I "nuovi" vizi, ci spiega Umberto Galimberti nel suo "I vizi capitali e i nuovi vizi" sono "cattive abitudini" emergenti, che si differenziano dai così detti vizi "capitali" per tre ragioni. Innanzitutto essi sono strettamente legati alla modernità : una volta o non esistevano o non erano di dimensioni tali da costituire un tratto evidente del nostro modo di vivere

Non si configurano perciò come passioni "universali", indipendenti dalla storia ma si ancorano saldamente al tempo presente. Secondariamente i vizi tipici della contemporaneità non segnalano, come i vizi capitali, una "deviazione" morale o una "caratteristica" della personalità, bensì il suo progressivo dissolvimento: il soggetto, senza neppure accorgersene, in essi perde spessore e consistenza.

Si tratta allora in terzo luogo di "tendenze collettive" anziché individuali, a cui la singolarità non riesce ad opporre un'efficace resistenza individuale, pena l'esclusione sociale. 
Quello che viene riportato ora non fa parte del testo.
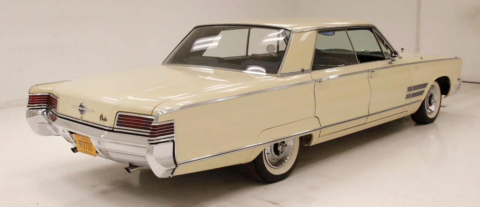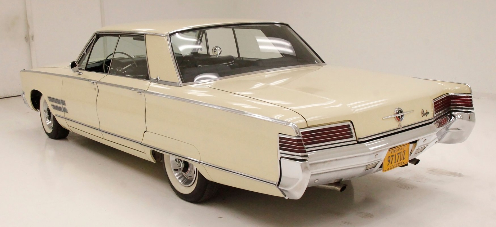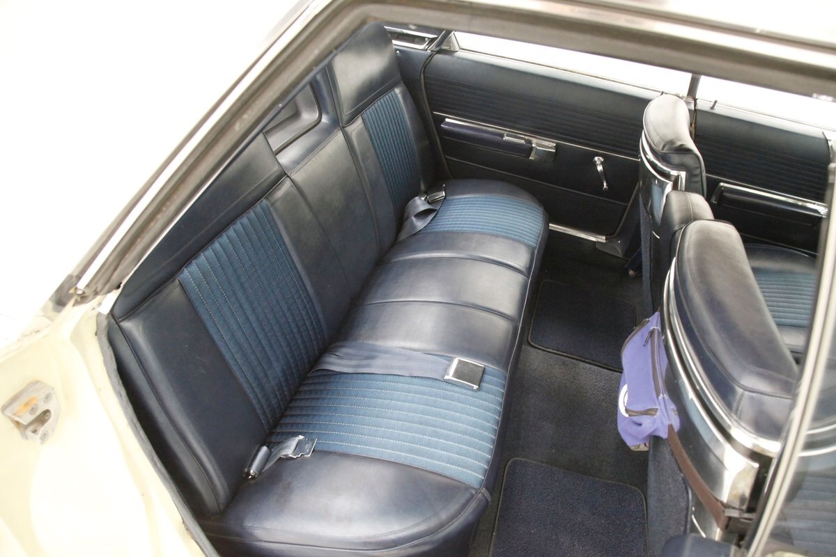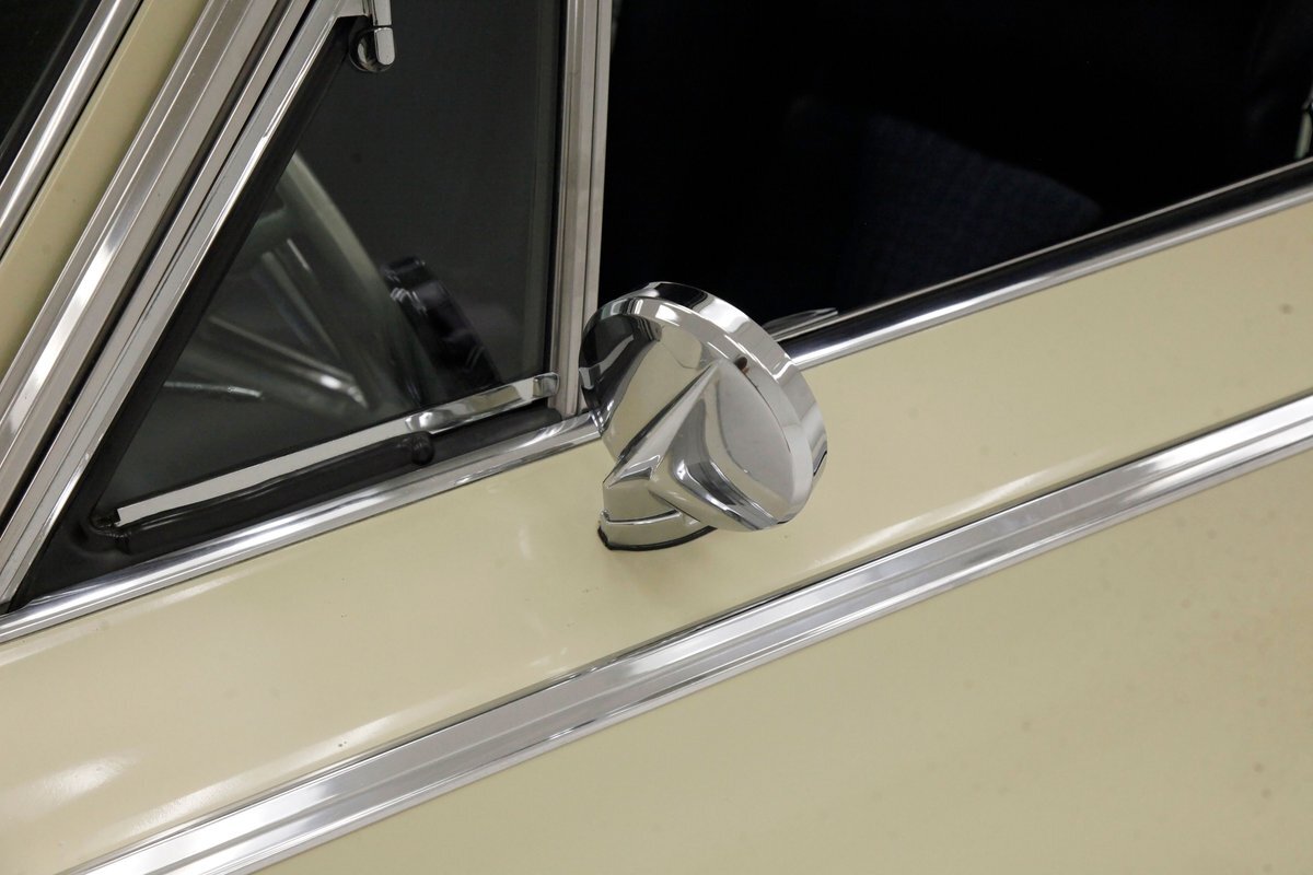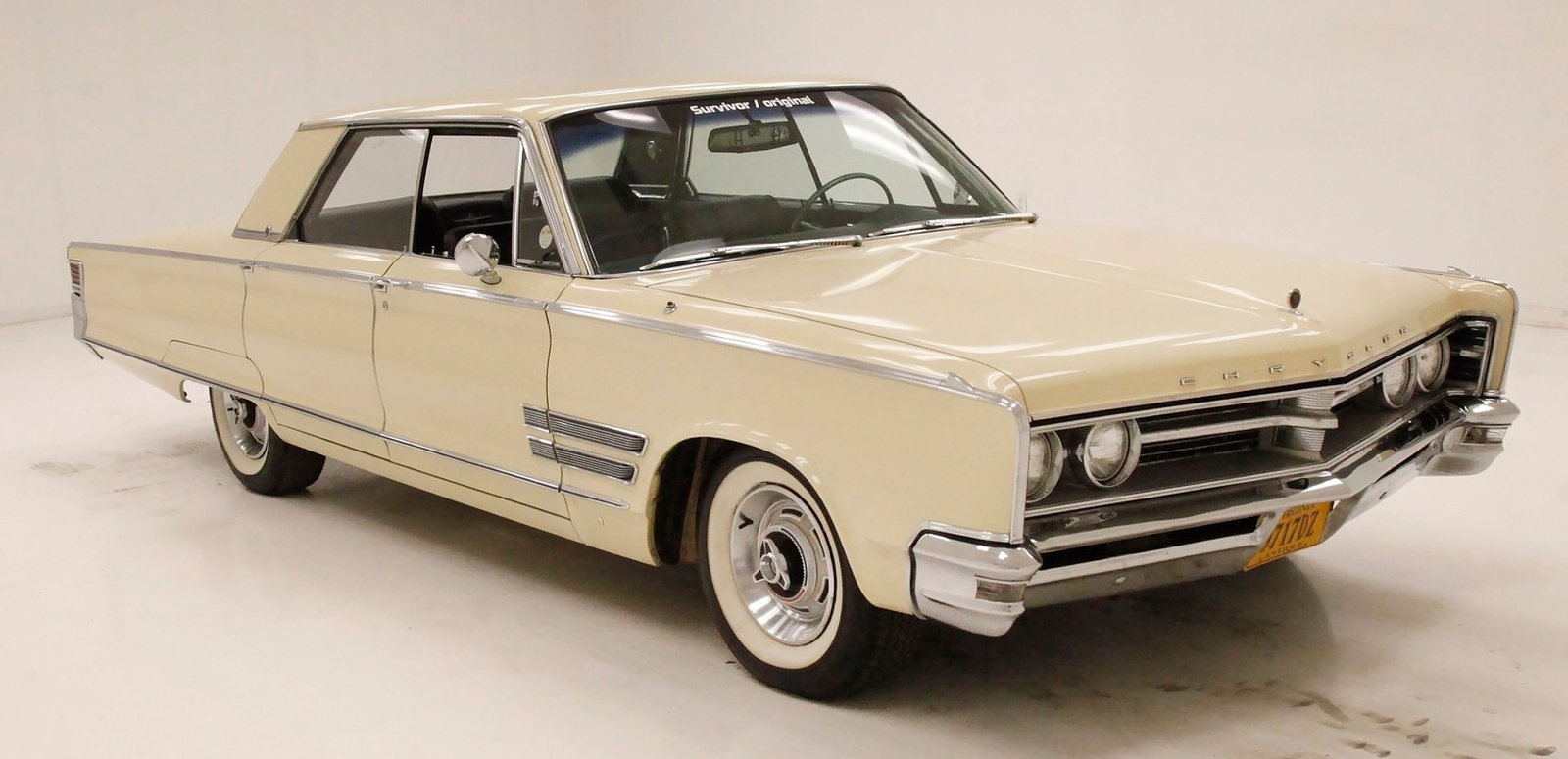 Plenty of Ivory paint covers the straight and true steel slabs that have been formed to create this stylish example of the 300. The gaps are well minded, and paint, being the consignor stated original, has not lost its luster, but does show some wear as well as touched up chip offs and dings. Chrome and badging are all original and all looking good. With its loooooong hood, and 4 door passenger compartment, (more like an apartment), and loooooong trunk, I'm getting ready to move in! Speaking of the trunk, it is sporting the consignor stated special order New Yorker trunk trim, factory jack, felted black liner and black felt covered full size spare tire. A long flat roof presents with block angled B pillars, which was the Mopar style at the time for sedans, and looks just fab as is the plentiful chrome trim around all the windows, trim spear just above the rockers, and all encompassing beltline spear. Within those wheel wells are fantastically preserved tri color and polished 14-inch Chrysler wheel covers with spinner equipped turbine centers and 300 badging wrapped in like new thin whitewall 225/75R14's. Overall, a very nice exterior presentation.

Perché dunque parlarne? Galimberti, conscio dell'inaggirabilità dell'impatto sulla vita di ciascuno di noi, svela la sua fede nella possibilità di consapevolezza critica, che può, se non neutralizzare, almeno limitare l'incidenza livellatrice di certe tendenze omologanti. Egli individua sostanzialmente sette nuovi vizi: consumismo, conformismo, spudoratezza, sessomania, sociopatia, diniego e vuoto. 

Vediamoli brevemente.

Consumismo 

Se da sempre le cose si consumano e diventano inutilizzabili, nel ciclo produzione - consumo in cui siamo immersi  esse sono a priori pensate in vista di una loro rapida inutilizzabilità e dunque di una loro veloce sostituzione. La precarietà del mondo e delle sue rappresentazioni viene così esasperata, con inevitabili ricadute sulla psiche degli esseri umani. 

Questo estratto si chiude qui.